─── RAW DATA
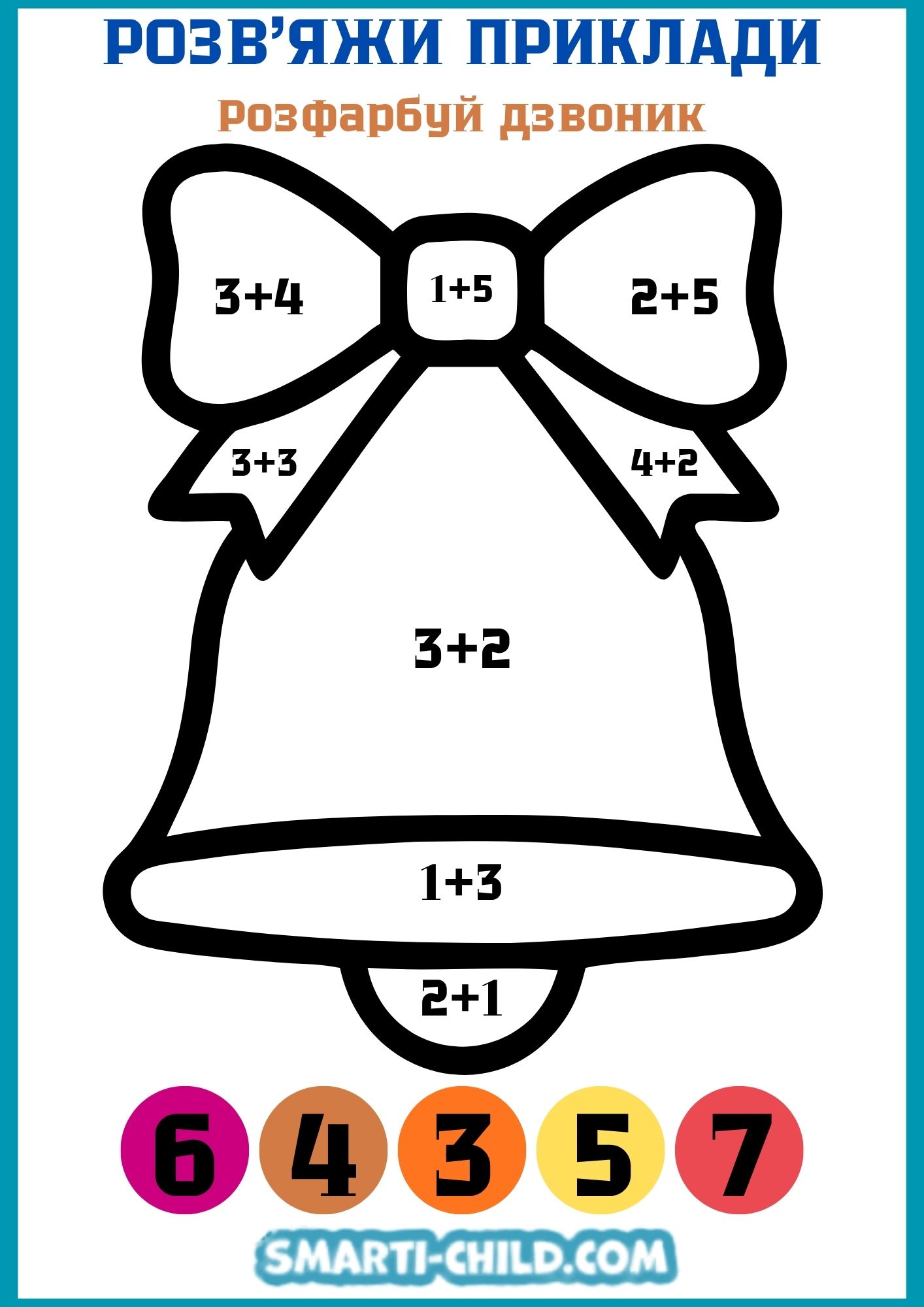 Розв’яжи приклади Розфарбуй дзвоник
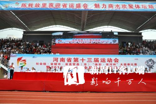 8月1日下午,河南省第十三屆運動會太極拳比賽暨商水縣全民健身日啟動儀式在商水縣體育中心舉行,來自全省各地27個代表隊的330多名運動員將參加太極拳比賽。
──────
─── RAW DATA
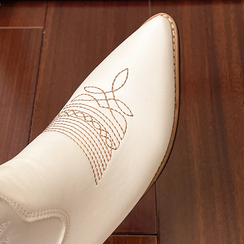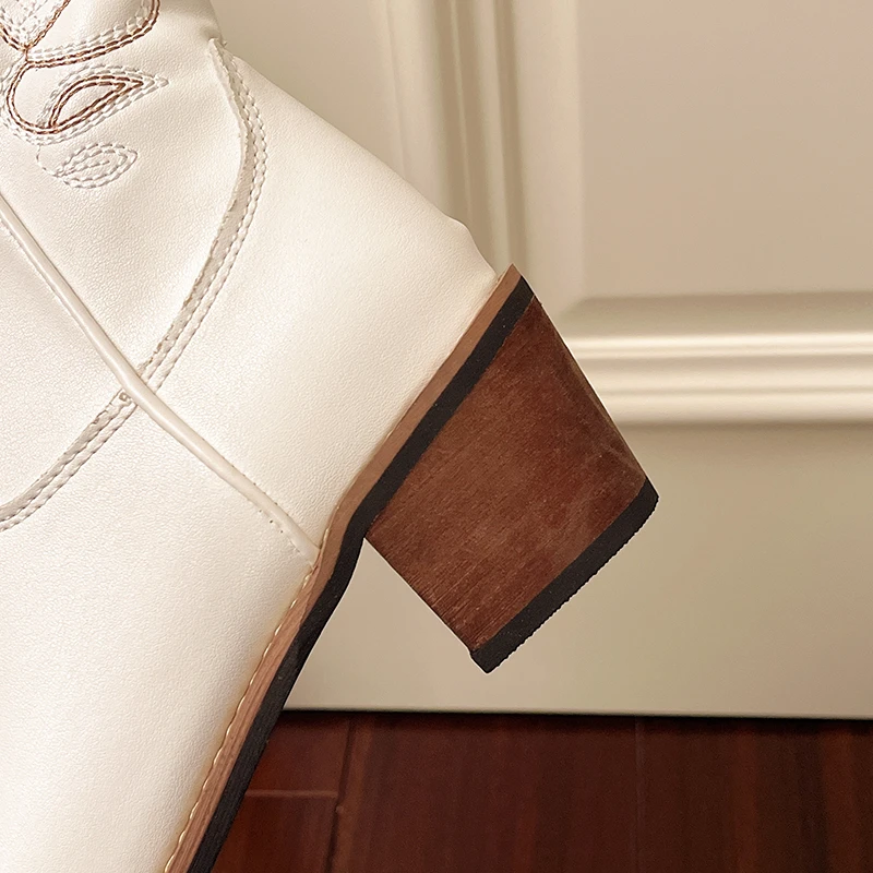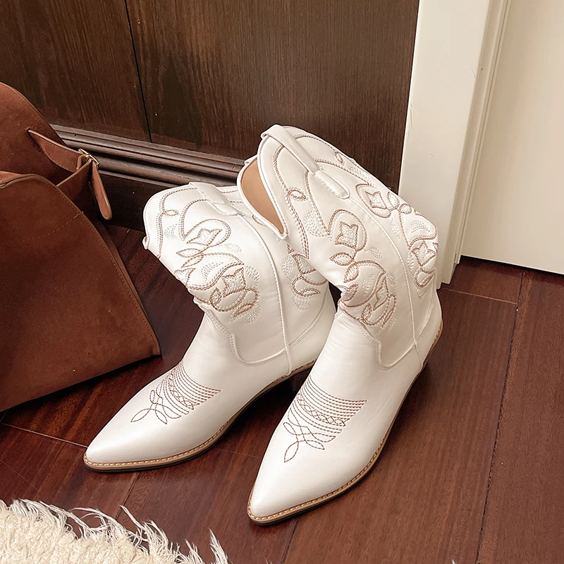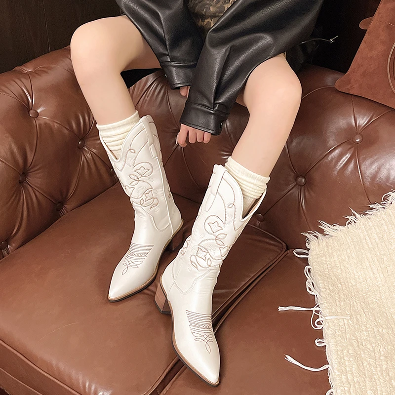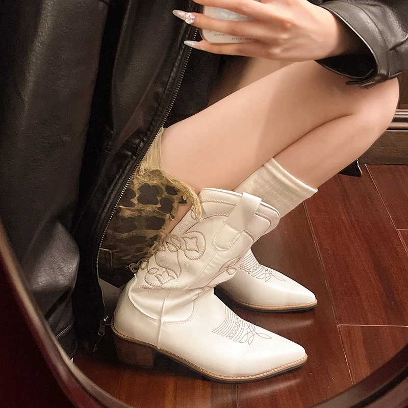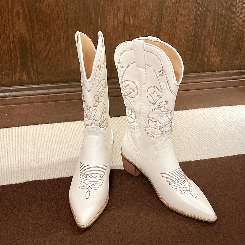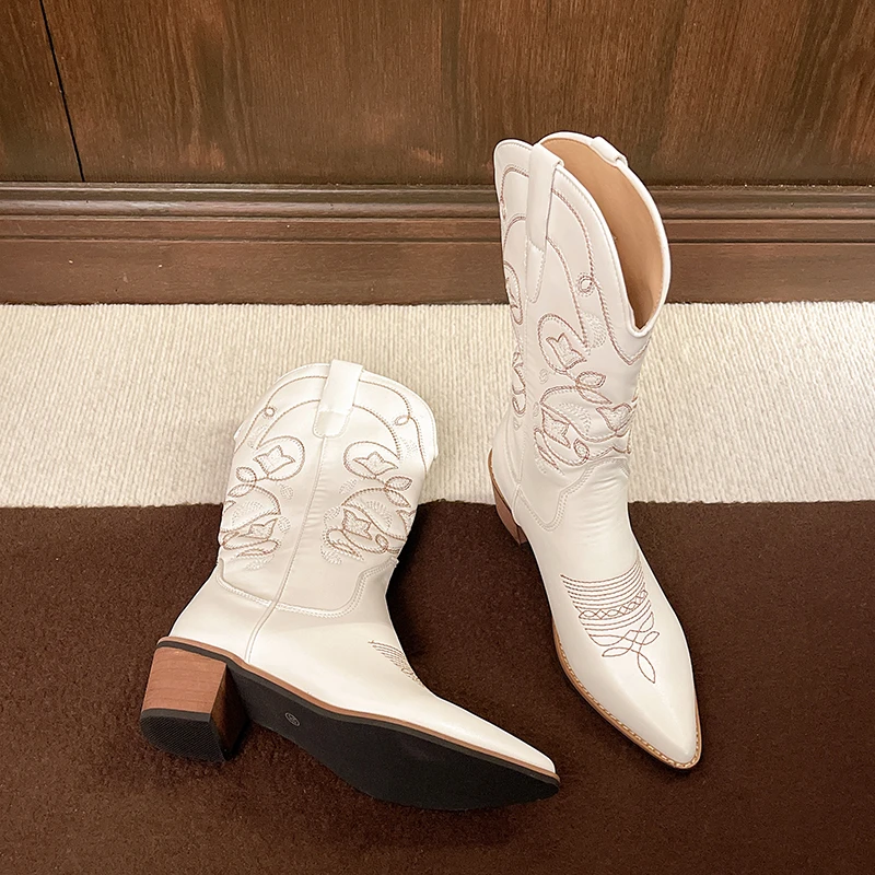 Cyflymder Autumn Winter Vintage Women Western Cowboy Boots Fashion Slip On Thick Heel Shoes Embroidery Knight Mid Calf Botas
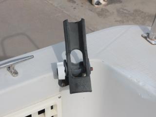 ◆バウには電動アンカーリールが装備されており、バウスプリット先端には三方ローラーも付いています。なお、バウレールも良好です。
──────
─── RAW DATA
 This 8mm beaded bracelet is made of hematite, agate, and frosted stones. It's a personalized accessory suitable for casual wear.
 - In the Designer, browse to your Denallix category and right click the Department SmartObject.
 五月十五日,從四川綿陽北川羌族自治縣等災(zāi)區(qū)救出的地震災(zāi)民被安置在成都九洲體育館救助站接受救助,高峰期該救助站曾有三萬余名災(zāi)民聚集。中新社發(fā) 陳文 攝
──────
- **WHAT TO DO**
What are the lines in the records above, word for word, from the one containing "Розв’яжи приклади Розфарбуй дзвоник" through the one containing "8月1日下午,河南省第十三屆", both ends included and pictures left out?

- **ANSWER TO THIS TASK**
 Розв’яжи приклади Розфарбуй дзвоник
 8月1日下午,河南省第十三屆運動會太極拳比賽暨商水縣全民健身日啟動儀式在商水縣體育中心舉行,來自全省各地27個代表隊的330多名運動員將參加太極拳比賽。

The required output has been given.